Ce texte, qui n’a aucune valeur législative, mais seulement une portée politique et doctrinale, a été élaboré par l’Office Parlementaire d’Evaluation des Choix Scientifiques et Techniques (OPECST), un organisme qui a été institué par l’Assemblée Nationale pour éclairer le législateur, mais dont la fonction n’a jamais été à la hauteur des ambitions initiales.

Cette déclaration intervient dans un contexte social où la confiance dans les vertus de la science est remise en cause, à la fois par les climato-sceptiques négationnistes 1 et par des affaires publiques soulignant son absence de neutralité, en raison des liens entre la recherche et l’industrie.

La finalité de ce texte vise donc à restaurer la confiance publique dans les vertus de la science, capable de relever les défis du monde moderne, et non de les aggraver, comme cela est arrivé souvent.

Ce texte se compose de deux parties : l’une est consacrée, à l’image de la loi, aux « considérants », destinés à en expliquer les motifs, tandis que l’autre comporte des directives à caractère politique, susceptibles d’être reprises par la loi.

Faire perdre à la science sa neutralité en la soumettant à la logique économique dominante.

Des remarques préliminaires peuvent être faites quant à l’usage des mots. Tout d’abord, en ce qui concerne le mot « science », qui apparaît un peu comme un mot magique, corollaire du mot « progrès ». Aucune définition n’en a été donnée, sauf qu’il apparaît comme associé à celui de « technique » 2, révélateur de l’amalgame en vigueur.

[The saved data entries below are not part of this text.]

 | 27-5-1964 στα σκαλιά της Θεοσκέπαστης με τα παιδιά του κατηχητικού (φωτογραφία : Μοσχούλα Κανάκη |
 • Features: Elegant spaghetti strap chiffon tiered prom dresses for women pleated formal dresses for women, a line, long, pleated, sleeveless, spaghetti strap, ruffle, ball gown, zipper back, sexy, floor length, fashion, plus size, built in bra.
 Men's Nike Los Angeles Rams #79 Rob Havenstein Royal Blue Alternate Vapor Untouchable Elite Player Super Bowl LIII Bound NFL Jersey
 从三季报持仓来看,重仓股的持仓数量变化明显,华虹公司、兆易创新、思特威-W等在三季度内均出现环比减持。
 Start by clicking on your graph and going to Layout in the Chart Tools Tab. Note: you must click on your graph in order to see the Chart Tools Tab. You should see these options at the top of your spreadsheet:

Plus grave encore, le texte fait référence à l’innovation et à la compétitivité de notre pays, ce qui semble soumettre la science à la logique économique dominante, lui faisant perdre par la même sa neutralité. Or, le texte en question fait référence à « l’esprit des Lumières » qui, malheureusement, ne semble pas avoir habité celui de ses rédacteurs !

 

 

Parmi les « considérants », il y en a un qui a particulièrement retenu notre attention, car il est révélateur d’une conception religieuse de la science 3. A savoir, la nécessité de ne pas contester la validité des expertises scientifiques, fondatrices aujourd’hui des décisions politiques et économiques.

Il s’agit là d’une conception à l’opposée de l’esprit qui, historiquement, a conduit à l’invention de la science.

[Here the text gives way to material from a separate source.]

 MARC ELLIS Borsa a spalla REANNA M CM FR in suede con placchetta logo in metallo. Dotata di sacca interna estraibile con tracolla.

Or, justement, il se trouve aujourd'hui que de nombreuses affaires, révélées par les médias, soulignent la partialité de conclusions scientifiques, favorables à des intérêts industriels, concernant des risques sanitaires et écologiques liés à certaines pratiques industrielles.

On peut citer à ce propos l’affaire du Roundup de Monsanto 4, dont les dangers étaient connus depuis longtemps par l’entreprise, sans que des mesures de suspension de vente aient été prises, mais aussi celle des logiciels antipollution truqués par Volkswagen et Renault, dont les résultats avaient pourtant été homologués par la puissance publique.

Ces affaires démontrent le côté pervers de la foi dans la science dont se réclame la déclaration de l’Assemblée Nationale.

Les affaires du Roundup de Monsanto ou des logiciels antipollution truqués par Volkswagen et Renault démontrent le côté pervers de la foi dans la science.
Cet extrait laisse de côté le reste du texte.